During the 1980 and 1984 caucuses, vocal Iowa peace and nuclear-freeze activists forced Democratic contenders to take stands on these issues. The Rev. Jesse Jackson took up regional labor disputes to broaden his campaign appeal during his two tries for the presidency.

In 1988, the rising popularity of home schooling in Iowa helped buoy Christian broadcaster Pat Robertson's surprising second-place finish in that year's Republican caucus.

To GOP contenders trying to stay on message this year in a campaign wedded to national issues like the flat tax, the federal budget deficit, abortion and anti-Washington sentiment, hog lots can be a distracting local sideshow--or a pungent opportunity.

Conservative commentator Patrick J. Buchanan has made hog lots a key issue in his arsenal of populist causes. He rails against "the putrid odors" emanating from "factory farms" (making the issue reminiscent of the criticism directed at then-Arkansas Gov. Bill Clinton during his 1992 presidential bid over the environmental problems caused by his state's poultry industry--another example of a local issue assuming magnified importance on the national stage).

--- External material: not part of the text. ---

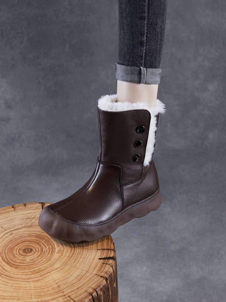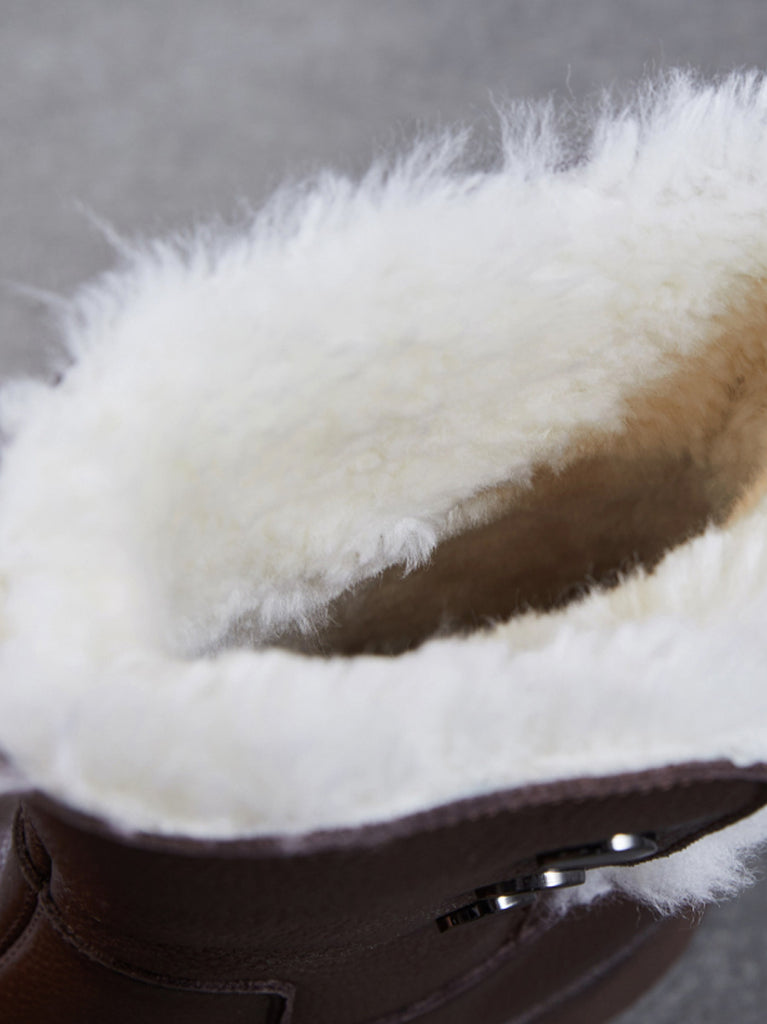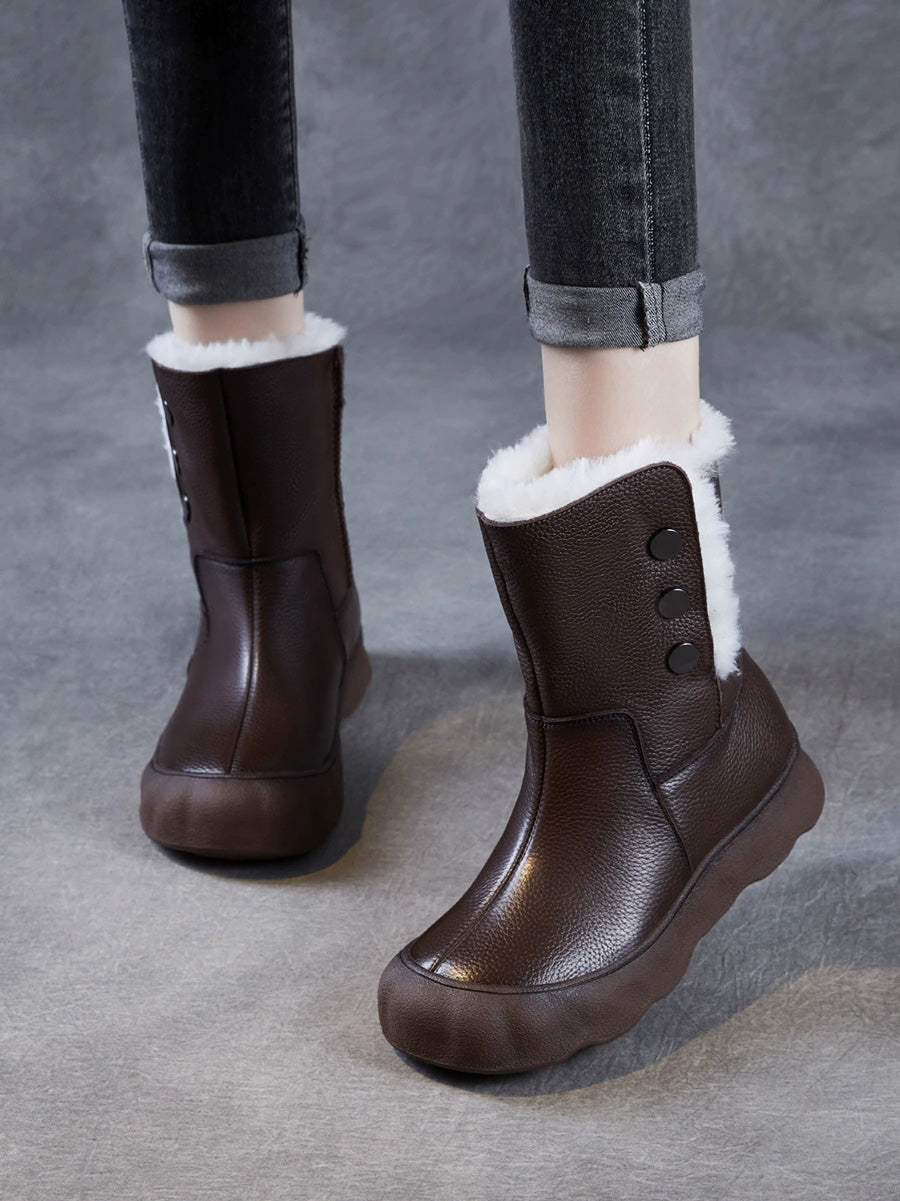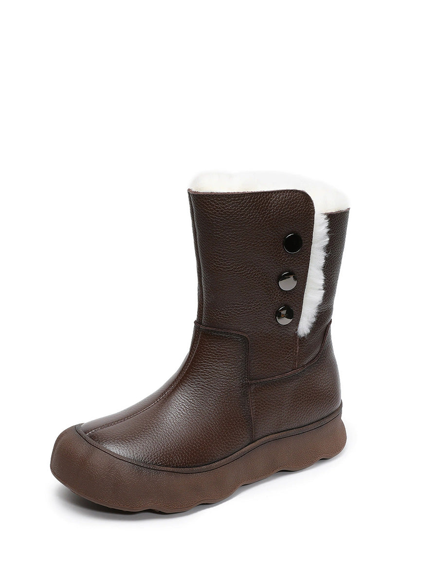 Women Winter Genuine Leather Fleece-lined Mid Heel Boots

Buchanan has depicted himself as the farmer's only ally against the "cult of efficiency and giganticism" in the heartland. And the depth of rural anger against Iowa's hog lots has impressed Buchanan to the point where he is considering a television ad blitz on the issue.

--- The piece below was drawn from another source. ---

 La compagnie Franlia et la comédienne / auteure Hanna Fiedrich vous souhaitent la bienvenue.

"Farmers talk about it everywhere I go," Buchanan said after a Des Moines rally last week. "Whenever I bring it up, the audience explodes."

Different Strategies

Sen. Richard G. Lugar of Indiana, a farm owner who wooed a handful of Pork Congress delegates in front of a banner urging them to "Put a Farmer in the White House," also refers to hog lots in his speeches. But Lugar shies away from Buchanan's populist tilt, saying the federal government should only get involved if they become "health or safety issues."

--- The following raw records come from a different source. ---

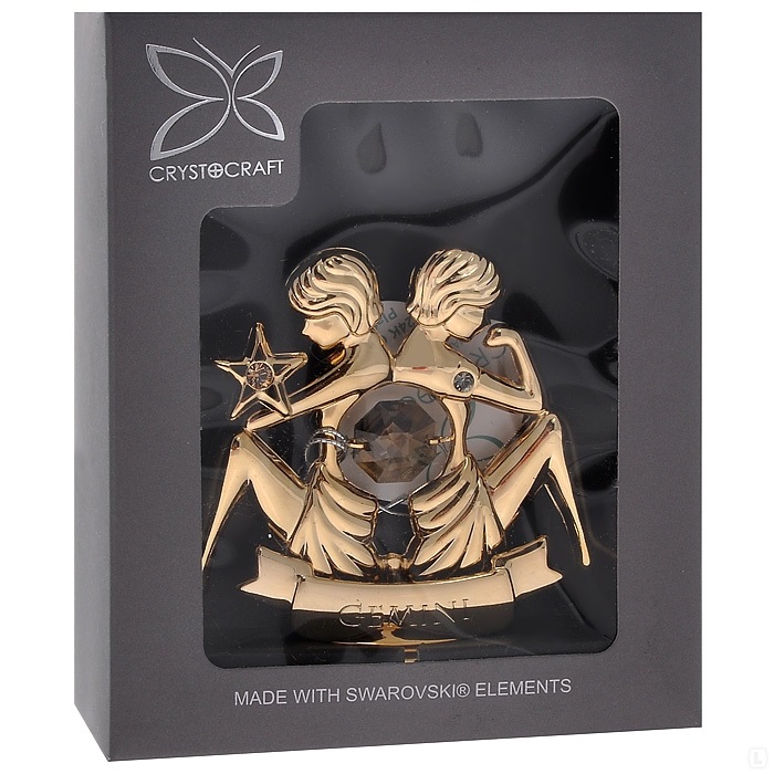 Svečturis ar zodiaka zīmi Dvīņi, ar SWAROVSKI kristāliem, zelta pārklājums. Izmērs 8,5*8,5*6 cm.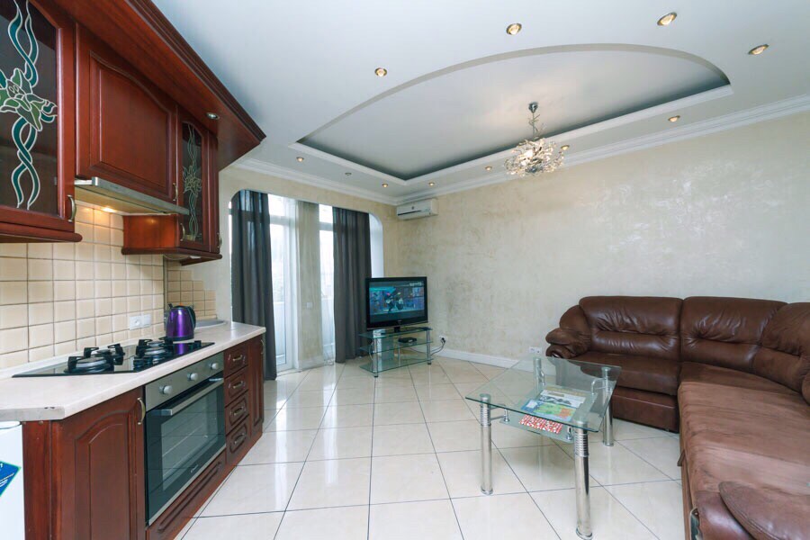 A cozy and modern apartment with a main room and a bedroom. The building is located on Proreznaya Street in the center of Kyiv, near Maidan and not far from Khreschatyk Street. It’s just a 3-minute walk to the 'Teatralna' metro station. The bedroom features a large double bed, and the second room has a sofa. The apartment also includes a fully equipped kitchen, bathroom, and toilet, along with a TV and internet access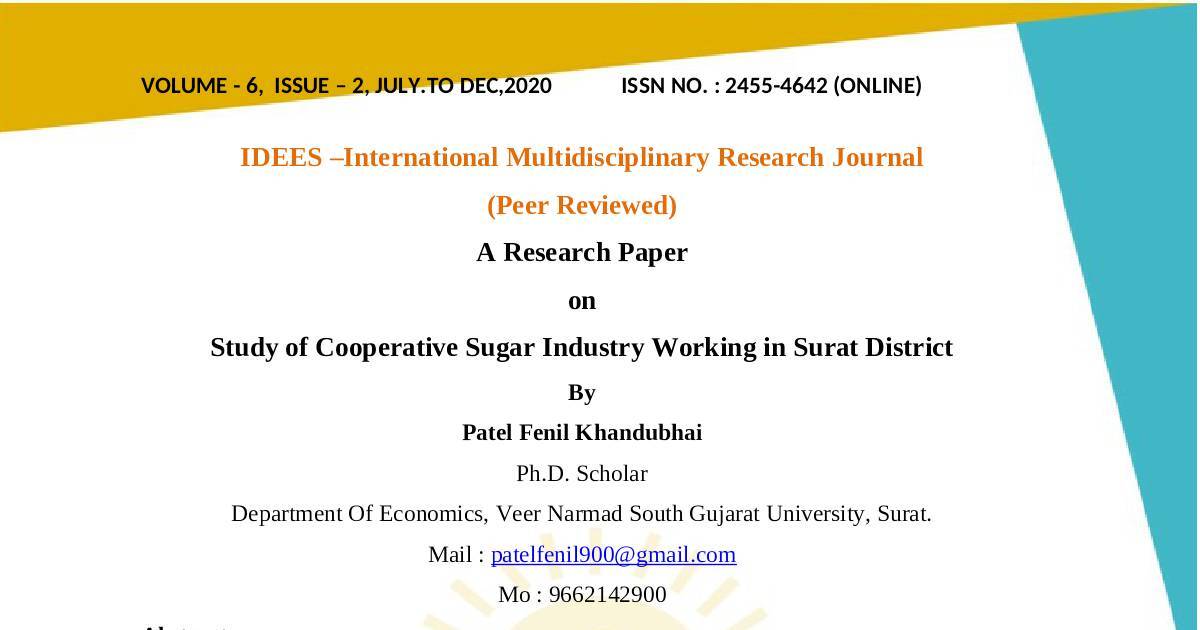 Study of Cooperative Sugar Industry Working in Surat District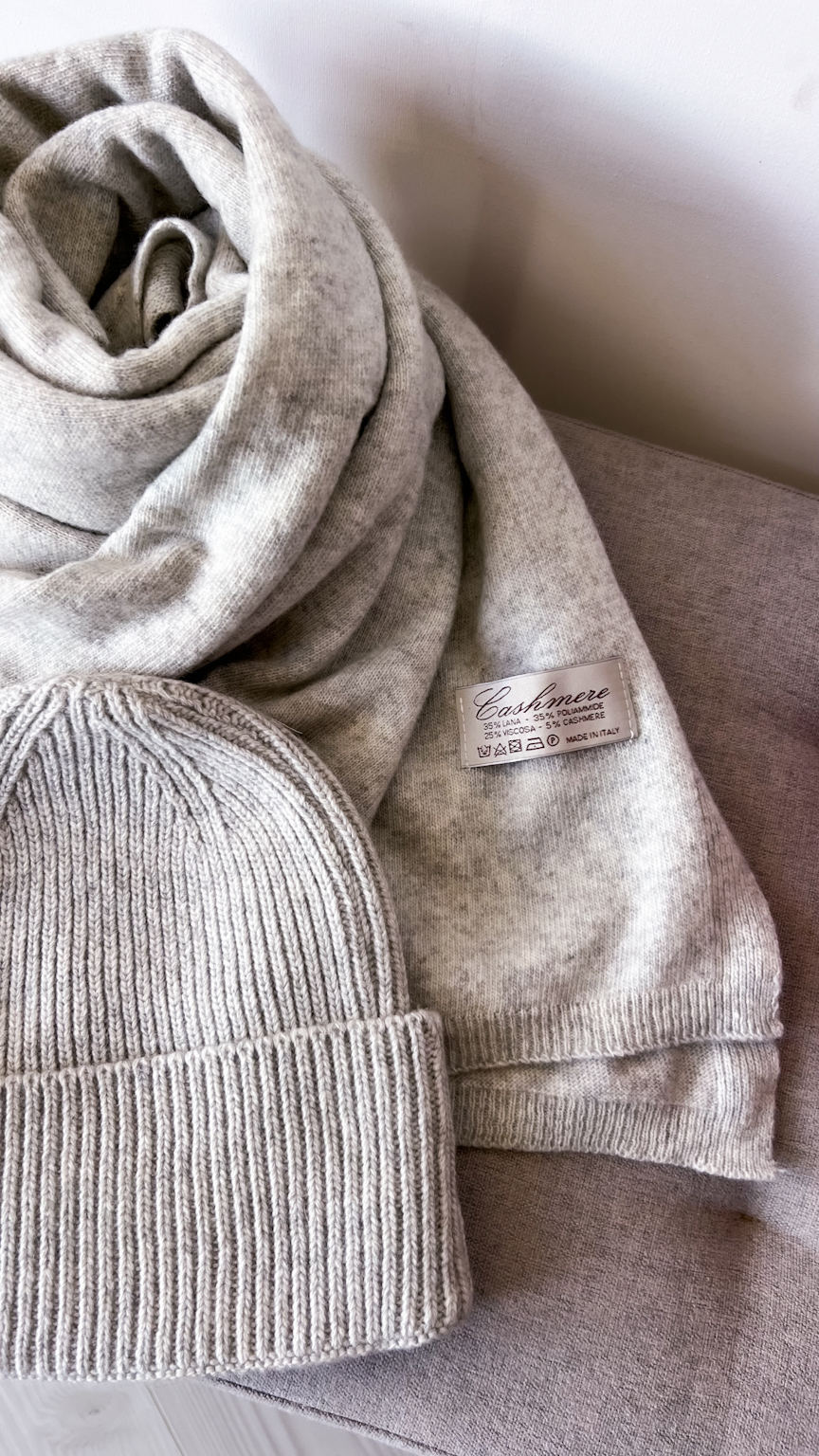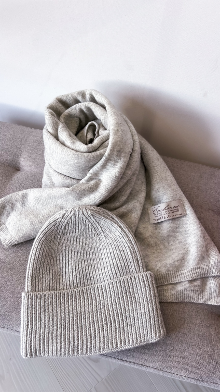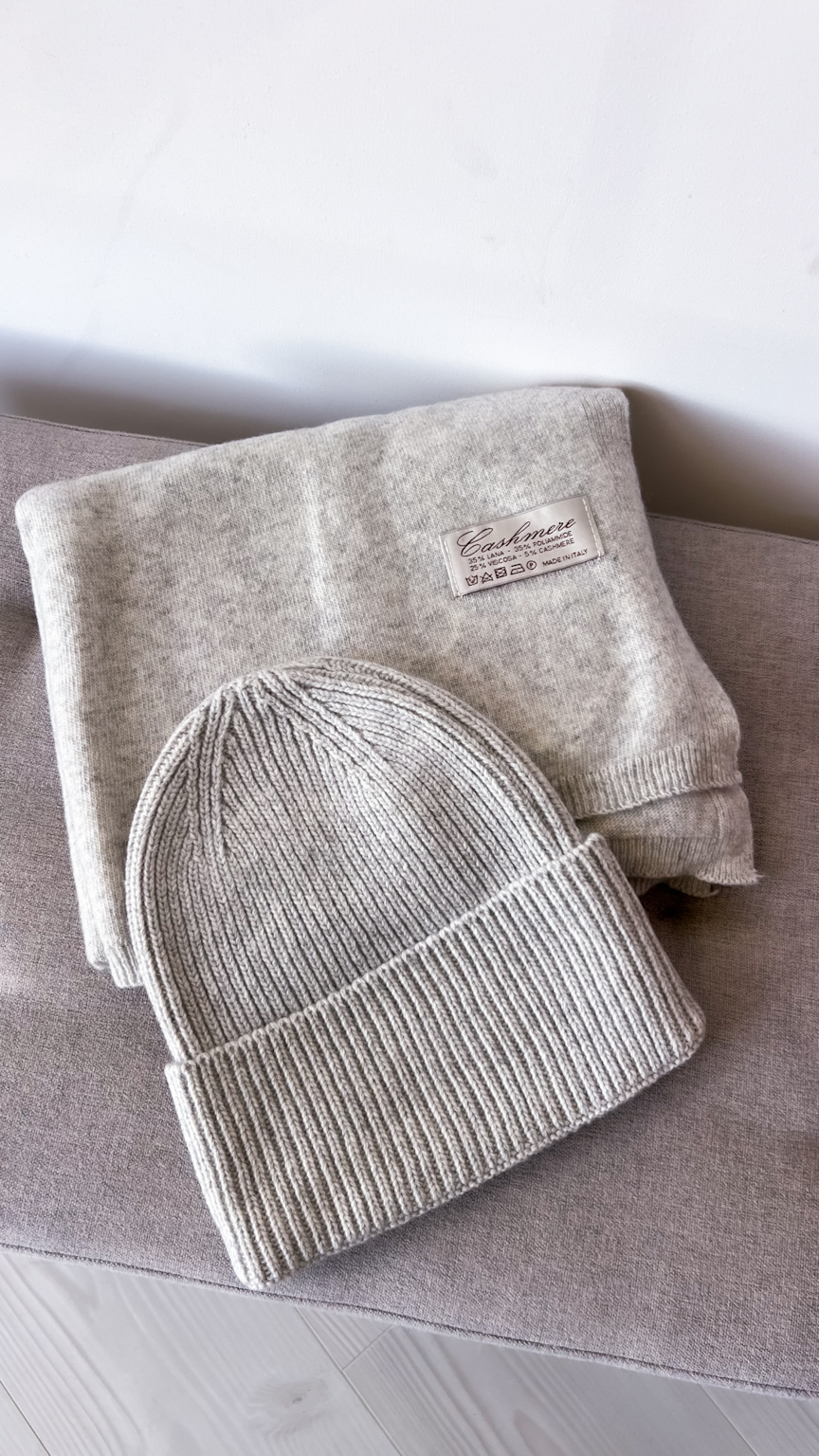 Postaw na luksus i komfort w chłodniejsze dni! Ten elegancki komplet składający się z czapki i szala został wykonany z wysokiej jakości mieszanki. Dzięki temu jest wyjątkowo miękki, ciepły i przyjemny w dotyku. Minimalistyczny design sprawia, że zestaw pasuje do każdej stylizacji, a ponadczasowy charakter czyni go idealnym dodatkiem na jesień i zimę.

The other leading candidates, Senate Majority Leader Bob Dole, Sen. Phil Gramm of Texas, publishing magnate Steve Forbes and former Tennessee Gov. Lamar Alexander, rarely mention the state's sprawling concentrations of hogs on their own. They see no advantage in taking up the cause--its populist bitterness does not jibe with their conservative enthusiasm for big-business growth.

They also are aware that any high-profile stumble on local issues can lead to disaster. Democratic contender Michael S. Dukakis was hurt in 1988 when he suggested that distressed Iowa farmers might find a way out of their economic doldrums by growing an alternative crop like Belgian endive. The remark bombed in corn country. Dukakis ran third in that year's caucus.

Even as most of this year's GOP candidates steer clear of the hog lot issue, a few edgy encounters with angry farmers have forced them to become quick studies.

Dole was asked about it during his stop at the Pork Congress, where chattering feed salesmen in pig-head ties hawk their wares, farm boys crowd in awe around towering aluminum grain feeders and farmers' wives applaud their favorite Pork Queen contestants.